On a problem concerning surface measurable sets

According to a known theorem on the plain measurable sets $L$, a plain surface measurable set is measurable (linearly) on almost any straight line of any parallel beam. M. Zalcwasser recently gave an elementary proof of this theorem and posed the problem if the converse of the theorem in question is also true. We will show using the theorem of M. Zermelo that the answer is negative.

Theorem There exists a plane set which is of zero measure on any straight line, but which is not surface measurable.

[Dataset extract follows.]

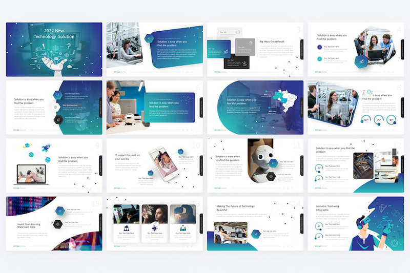 43页蓝色科技风虚拟世界VR项目介绍国外PPT模板

Demonstration. For all the firm planes sets of positive surface measure forming a power set $P$ of the continuum, there exists (according to the theorem of M. Zermelo) a well ordered set \begin{equation} F_1,F_2,F_3,\ldots,F_\omega,F_{\omega+1},\ldots,F_\alpha,\ldots\quad(\alpha<\Omega_0)\quad(1) \end{equation} of the type $\Omega_0$ (or $\Omega_0$ is the smallest transfinite number corresponding to the power of the continuum) consisting of all sets $F$ which belong to $P$.

Similarly, for the set of all the points of the plane forming a power set of the continuum, there exists a transfinite sequence of the type $\Omega_0$ \begin{equation} p_1,p_2,p_3,\ldots,p_\omega,p_{\omega+1},\ldots,p_\alpha,\ldots\quad(\alpha<\Omega_0)\quad(2) \end{equation} formed from all points $p$ of the plane.

We will now rely on the following

Lemma Any firm plane set which is of zero measure on any line parallel to a given line, is of zero surface measure.

The proof of this lemma (using M. Borel's theorem) does not offer any difficulty.

Corollary For any firm plane set $F$ with a positive surface measure and for any given line $D_0$, there exists a line $D$ parallel to $D_0$ and such that the linear measure of the set $FD$ is positive.

Indeed, $F$ being firm, the set $FD$ is (for any line $D$) firm. If $FD$ were of zero measure for any line $D$ parallel to $D_0$, the set $F$ would be, according to our lemma, of zero surface measure, contrary to the hypothesis. There is therefore a line $D$ parallel to $D_0$ and such that the set $FD$ is not of zero measurement. Therefore, $FD$ being firm, it is a set of positive measurement. This concludes the demonstration.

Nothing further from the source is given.